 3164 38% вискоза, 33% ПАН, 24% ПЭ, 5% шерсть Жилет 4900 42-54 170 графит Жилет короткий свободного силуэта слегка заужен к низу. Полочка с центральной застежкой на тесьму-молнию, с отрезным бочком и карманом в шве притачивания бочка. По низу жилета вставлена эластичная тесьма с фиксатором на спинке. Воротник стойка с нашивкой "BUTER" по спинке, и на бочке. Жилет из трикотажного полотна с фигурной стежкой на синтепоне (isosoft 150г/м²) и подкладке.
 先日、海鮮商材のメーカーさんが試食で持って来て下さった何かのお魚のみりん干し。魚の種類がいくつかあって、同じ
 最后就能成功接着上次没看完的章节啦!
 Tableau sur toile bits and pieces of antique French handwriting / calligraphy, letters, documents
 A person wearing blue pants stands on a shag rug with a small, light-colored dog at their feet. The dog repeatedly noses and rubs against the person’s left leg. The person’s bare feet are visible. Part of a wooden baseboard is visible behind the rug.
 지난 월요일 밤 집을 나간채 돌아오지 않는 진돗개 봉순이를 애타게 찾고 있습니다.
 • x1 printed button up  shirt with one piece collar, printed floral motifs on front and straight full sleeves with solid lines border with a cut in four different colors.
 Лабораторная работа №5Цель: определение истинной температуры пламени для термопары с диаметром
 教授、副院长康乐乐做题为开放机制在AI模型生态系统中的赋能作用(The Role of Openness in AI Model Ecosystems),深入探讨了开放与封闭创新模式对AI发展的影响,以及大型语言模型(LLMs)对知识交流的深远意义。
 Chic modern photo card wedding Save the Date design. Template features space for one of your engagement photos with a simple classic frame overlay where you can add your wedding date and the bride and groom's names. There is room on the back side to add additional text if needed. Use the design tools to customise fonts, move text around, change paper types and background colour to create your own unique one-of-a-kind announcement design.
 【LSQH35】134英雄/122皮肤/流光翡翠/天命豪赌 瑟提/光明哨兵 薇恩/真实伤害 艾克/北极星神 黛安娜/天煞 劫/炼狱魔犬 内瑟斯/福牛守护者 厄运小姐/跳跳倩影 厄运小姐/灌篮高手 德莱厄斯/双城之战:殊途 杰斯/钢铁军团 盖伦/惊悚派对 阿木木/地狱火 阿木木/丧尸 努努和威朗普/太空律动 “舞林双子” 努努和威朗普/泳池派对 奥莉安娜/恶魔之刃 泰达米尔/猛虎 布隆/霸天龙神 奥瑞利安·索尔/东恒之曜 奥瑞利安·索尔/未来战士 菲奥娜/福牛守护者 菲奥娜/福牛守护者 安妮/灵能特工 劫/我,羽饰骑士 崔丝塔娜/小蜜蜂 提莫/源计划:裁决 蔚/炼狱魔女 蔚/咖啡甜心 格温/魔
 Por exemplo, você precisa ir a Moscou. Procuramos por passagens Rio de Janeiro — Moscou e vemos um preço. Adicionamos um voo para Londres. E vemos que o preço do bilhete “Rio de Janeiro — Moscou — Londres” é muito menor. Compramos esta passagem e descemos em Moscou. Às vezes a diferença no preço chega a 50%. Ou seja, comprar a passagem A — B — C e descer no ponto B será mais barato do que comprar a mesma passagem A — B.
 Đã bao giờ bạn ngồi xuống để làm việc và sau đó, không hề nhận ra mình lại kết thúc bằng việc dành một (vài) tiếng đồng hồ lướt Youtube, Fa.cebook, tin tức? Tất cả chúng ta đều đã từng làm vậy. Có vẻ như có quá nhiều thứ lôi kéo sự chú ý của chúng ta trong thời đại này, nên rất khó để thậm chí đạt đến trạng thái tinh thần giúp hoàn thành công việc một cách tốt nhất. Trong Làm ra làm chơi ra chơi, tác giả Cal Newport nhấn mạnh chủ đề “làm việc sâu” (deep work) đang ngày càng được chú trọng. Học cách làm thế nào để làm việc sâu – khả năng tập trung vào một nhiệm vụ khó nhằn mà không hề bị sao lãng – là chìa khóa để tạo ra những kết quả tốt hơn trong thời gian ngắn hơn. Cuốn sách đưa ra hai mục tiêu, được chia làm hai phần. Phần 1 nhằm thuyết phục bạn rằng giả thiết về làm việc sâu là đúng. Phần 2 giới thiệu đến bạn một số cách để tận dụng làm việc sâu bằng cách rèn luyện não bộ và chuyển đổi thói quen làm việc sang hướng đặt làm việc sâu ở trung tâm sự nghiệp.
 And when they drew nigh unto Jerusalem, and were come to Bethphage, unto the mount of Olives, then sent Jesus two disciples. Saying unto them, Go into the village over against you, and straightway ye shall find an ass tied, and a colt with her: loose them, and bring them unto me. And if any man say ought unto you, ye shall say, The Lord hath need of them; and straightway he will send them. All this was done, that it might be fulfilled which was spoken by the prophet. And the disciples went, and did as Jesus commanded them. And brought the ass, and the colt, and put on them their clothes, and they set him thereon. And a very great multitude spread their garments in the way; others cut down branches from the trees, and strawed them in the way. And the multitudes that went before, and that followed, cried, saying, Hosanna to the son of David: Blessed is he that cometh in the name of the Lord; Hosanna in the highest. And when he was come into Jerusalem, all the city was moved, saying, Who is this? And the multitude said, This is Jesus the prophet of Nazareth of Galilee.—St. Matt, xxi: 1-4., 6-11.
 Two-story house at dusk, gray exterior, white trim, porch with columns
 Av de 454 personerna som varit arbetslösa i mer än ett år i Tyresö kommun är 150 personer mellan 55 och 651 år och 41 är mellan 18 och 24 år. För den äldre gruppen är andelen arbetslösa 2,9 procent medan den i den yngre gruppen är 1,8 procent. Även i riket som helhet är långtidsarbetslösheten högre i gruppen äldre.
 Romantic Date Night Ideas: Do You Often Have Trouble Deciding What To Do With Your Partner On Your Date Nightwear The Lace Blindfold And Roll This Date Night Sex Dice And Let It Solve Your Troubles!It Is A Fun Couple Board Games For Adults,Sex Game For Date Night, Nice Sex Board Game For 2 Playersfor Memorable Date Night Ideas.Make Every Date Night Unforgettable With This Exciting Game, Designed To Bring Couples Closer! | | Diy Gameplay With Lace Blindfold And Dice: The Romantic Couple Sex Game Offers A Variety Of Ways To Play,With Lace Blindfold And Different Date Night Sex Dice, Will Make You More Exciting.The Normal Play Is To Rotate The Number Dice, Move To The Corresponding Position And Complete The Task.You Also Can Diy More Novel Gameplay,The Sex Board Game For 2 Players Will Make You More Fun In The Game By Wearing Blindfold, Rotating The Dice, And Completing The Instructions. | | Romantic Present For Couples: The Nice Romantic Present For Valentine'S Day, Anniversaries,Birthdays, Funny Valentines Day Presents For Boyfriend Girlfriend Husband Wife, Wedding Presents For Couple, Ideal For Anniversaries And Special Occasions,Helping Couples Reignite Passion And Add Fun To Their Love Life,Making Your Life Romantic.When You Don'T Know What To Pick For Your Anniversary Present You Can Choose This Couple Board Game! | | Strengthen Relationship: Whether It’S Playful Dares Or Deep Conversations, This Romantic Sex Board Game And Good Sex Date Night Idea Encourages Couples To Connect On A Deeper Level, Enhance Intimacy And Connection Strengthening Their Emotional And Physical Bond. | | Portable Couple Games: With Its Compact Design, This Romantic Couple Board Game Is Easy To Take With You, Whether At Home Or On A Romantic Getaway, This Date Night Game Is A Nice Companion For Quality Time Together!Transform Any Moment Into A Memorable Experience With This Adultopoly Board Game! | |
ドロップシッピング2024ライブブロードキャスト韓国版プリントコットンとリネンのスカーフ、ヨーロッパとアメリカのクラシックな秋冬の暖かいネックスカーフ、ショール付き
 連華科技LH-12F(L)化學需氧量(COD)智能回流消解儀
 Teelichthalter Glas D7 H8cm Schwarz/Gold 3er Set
* * *
- _Aim of the task_: What are the lines, exactly as written above, from the line with "先日、海鮮商材のメーカーさん" to the line with "教授、副院长康乐乐做题为开放机制在AI模型生态系统中的赋能作用(The Role of", both included? Output only those.

- _Completed task_:
 先日、海鮮商材のメーカーさんが試食で持って来て下さった何かのお魚のみりん干し。魚の種類がいくつかあって、同じ
 最后就能成功接着上次没看完的章节啦!
 Tableau sur toile bits and pieces of antique French handwriting / calligraphy, letters, documents
 A person wearing blue pants stands on a shag rug with a small, light-colored dog at their feet. The dog repeatedly noses and rubs against the person’s left leg. The person’s bare feet are visible. Part of a wooden baseboard is visible behind the rug.
 지난 월요일 밤 집을 나간채 돌아오지 않는 진돗개 봉순이를 애타게 찾고 있습니다.
 • x1 printed button up  shirt with one piece collar, printed floral motifs on front and straight full sleeves with solid lines border with a cut in four different colors.
 Лабораторная работа №5Цель: определение истинной температуры пламени для термопары с диаметром
 教授、副院长康乐乐做题为开放机制在AI模型生态系统中的赋能作用(The Role of Openness in AI Model Ecosystems),深入探讨了开放与封闭创新模式对AI发展的影响,以及大型语言模型(LLMs)对知识交流的深远意义。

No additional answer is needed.